WHAT THE TASK ASKS:
Every line of the listing belongs in your answer exactly as written; the images do not.

DATA BELOW:
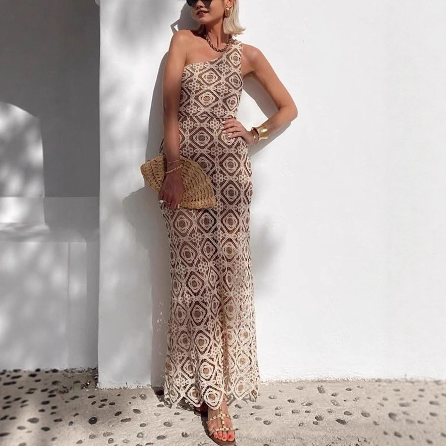 跨境欧美独立站亚马逊女装连衣裙斜肩无袖方形针织蕾丝钩花女8173
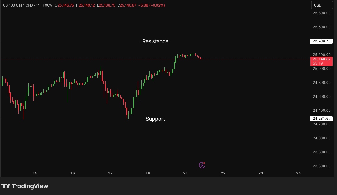 Investor Takeaway: Nasdaq maintains bullish momentum; a breakout above $25,400 could extend the uptrend, while support near $24,282 provides a reference for pullbacks.
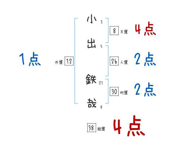 天運![]() | 小出鉄哉さんの天運は8画の4つ星!勤勉家。根気強く努力し成功する。忍耐力がある。 家系が持つ宿命的な運勢を表します。祖先から受け継いだ苗字ですので自分の力が及びません。家柄を象徴します。 |

TASK ANSWER:
 跨境欧美独立站亚马逊女装连衣裙斜肩无袖方形针织蕾丝钩花女8173
 Investor Takeaway: Nasdaq maintains bullish momentum; a breakout above $25,400 could extend the uptrend, while support near $24,282 provides a reference for pullbacks.
 天運![]() | 小出鉄哉さんの天運は8画の4つ星!勤勉家。根気強く努力し成功する。忍耐力がある。 家系が持つ宿命的な運勢を表します。祖先から受け継いだ苗字ですので自分の力が及びません。家柄を象徴します。 |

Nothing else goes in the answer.